MUMBAI, India – India’s central bank cut interest rates sharply on Friday, March 27, as the coronavirus outbreak deepens fears for Asia’s 3rd largest economy, which was already battling a prolonged slowdown.
The move, which came ahead of the bank’s scheduled meeting next month, followed similar measures around the world as finance chiefs struggle to stave off what could be the worst economic crisis in decades.
As manufacturing activity and consumption grinds to a halt under a lockdown, the Reserve Bank of India (RBI) said the benchmark repo rate – the level at which it lends to commercial banks – would be cut by 75 basis points to 4.40%.

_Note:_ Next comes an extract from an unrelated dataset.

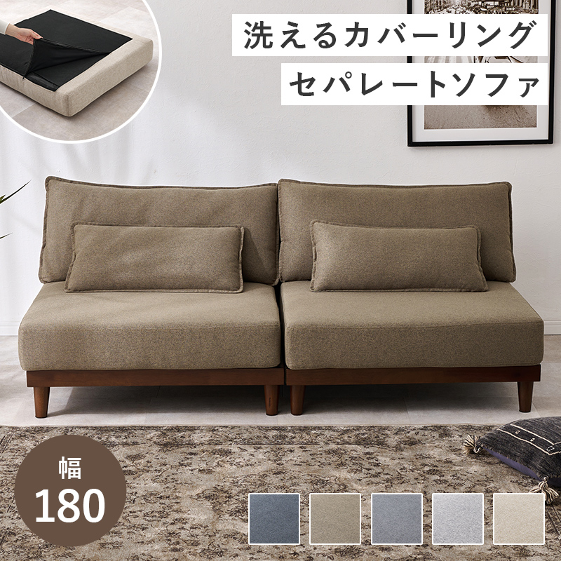 【5色展開】幅180cm あぐらもごろ寝もできちゃう3人掛けソファ ブラウンorネイビーorベージュorダークグレーorライトグレー

The reverse repo rate, the rate at which it borrows from commercial banks, was lowered 90 basis points.
The bank also cut the amount of cash lenders must set aside as reserves by one percentage point to 3% to encourage lending to small businesses hit by the crisis.
“This kind of uncertain outlook has never been seen before…. Finance is the lifeline of the economy and keeping it active is of paramount importance for the RBI,” central bank governor Shaktikanta Das said in a surprise announcement in Mumbai.
He added that India needed conventional and non-conventional measures to tackle the unprecedented situation depending on the spread, intensity, and duration of the COVID-19 outbreak.
India has so far registered 694 cases for its 1.3-billion-strong population but experts believe the numbers could rise exponentially in the weeks ahead. (READ: Filipino in India dies due to coronavirus)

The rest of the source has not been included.